During the jubilant post-game locker room celebration following their 24-20 victory over the New England Patriots on Sunday New York Giants' coach Tom Coughlin sounds a bit like Adrian standing at the top of the stairs in Rocky 4 when she finds out her man is going to fight the killing machine, Ivan Drago.
"Listen, you're nine-point underdogs and THERE'S NO WAY YOU CAN WIN!"
Well, as we know the Giants did win. And no, they obviously were not supposed to. Not with the up and down way they played in the first seven games. Not with so many players out of the lineup. Not with Tom Brady having won 31 straight regular-season games he started in Gillette Stadium.
Last week when I traded questions with Greg Knooping of Pats Pulpit asked me for a prediction on Sunday's outcome. Honestly, I try not to be a "homer" when writers from other sites ask me for a prediction. I do my best to give an honest pick. Here is a what I wrote in predicting Sunday's Pats-Giants outcome:
"Somehow, the Giants under Coughlin always come up big when most people think they can't. I have no good reason to think the Giants should win this game, because they really shouldn't. Which is exactly why I think they will. Giants 35, Patriots 31."
I had the score wrong, but the game right. I have no crystal ball, and I'm not a soothsayer, but this is what the New York Giants are. Really, it is what they have been as long as I have been alive. Maybe longer.
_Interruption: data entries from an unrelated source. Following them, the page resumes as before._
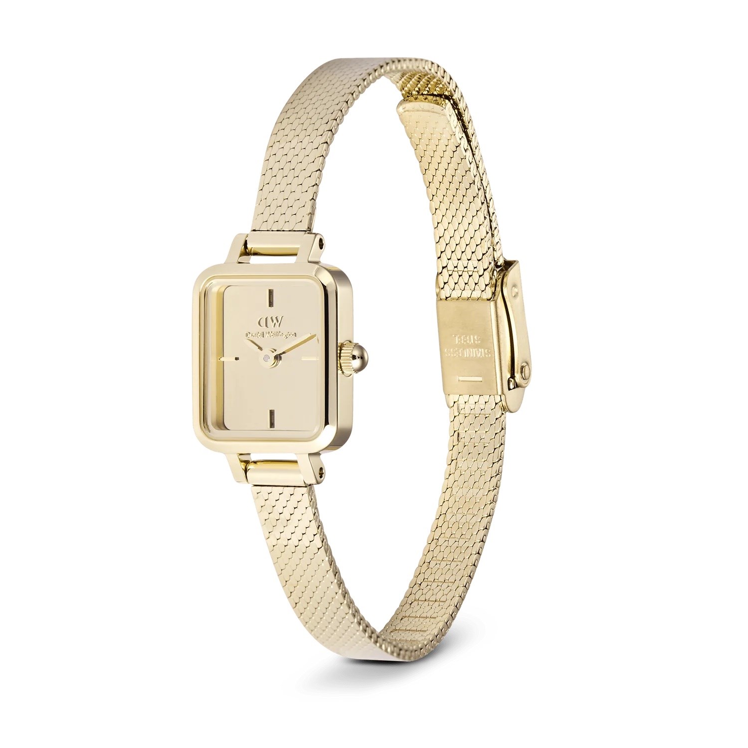 Orologio donna daniel wellington, DW00100801, collezione quadro mini, movimento al quarzo, solo tempo, cassa in acciaio dorato 15.4x18.2mm, quadrante oro, cinturino in maglia milano, resistenza all'acqua 3atm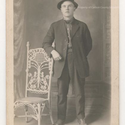 Update - 2009: Faded black & white print. Printed on postcard paper. One young male standing with his right arm slung over the back of a light colored chair. Behind him is a painted backdrop from a photography studio. The young man is wearing a dark suit, buttonup shirt, & a bow tie. He is wearing a hat & dress shoes or boots. The chair next to him is light colored with a lot of scroll detail.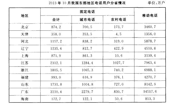 解析 读表格可知,2013年10月,上海城市电话用户数多于天津,排除A项;福建城市电话用户数多于海南,排除B项;广东城市电话用户数多于江苏,排除D项。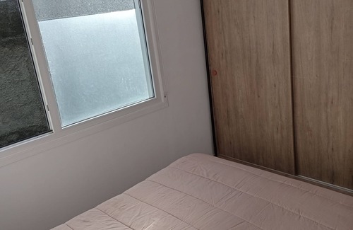 Tiene dos habitaciones; una con una cama doble y un amplio placard, y otra con una cama simple y una cómoda. También en el living hay un sofá cama (es sólo apto para niños, no creo que un adulto se sienta cómodo en él). Si son 4 huéspedes adultos pueden pedirnos un colchón extra para mayor comodidad.

- They are a team that will break your heart, all too often snatching historic failure from the jaws of certain, thrilling victory.
- They are a team that never does things the easy way -- often leaving fans frustrated and confused at how such a talented group can look so clueless at times. Seemingly, it has always been this way.
- They are a team that can do what it did on Sunday -- pulling off something that no one thought possible and doing it in amazing, improbable style.
This is a team capable of just about anything. They could go to San Francisco Sunday and blow the doors off the 7-1 49ers. They could go there, lay an egg and get beaten by four touchdowns. They could beat the unbeaten Packers in a few weeks. Or maybe not. They could make a deep playoff run. They could watch everything blow up in the next two months and not even get there.
Who knows what will happen? I sure don't. All I know for sure is following the New York Giants is about as wacky and stomach-churning as any roller-coaster ride you will ever take.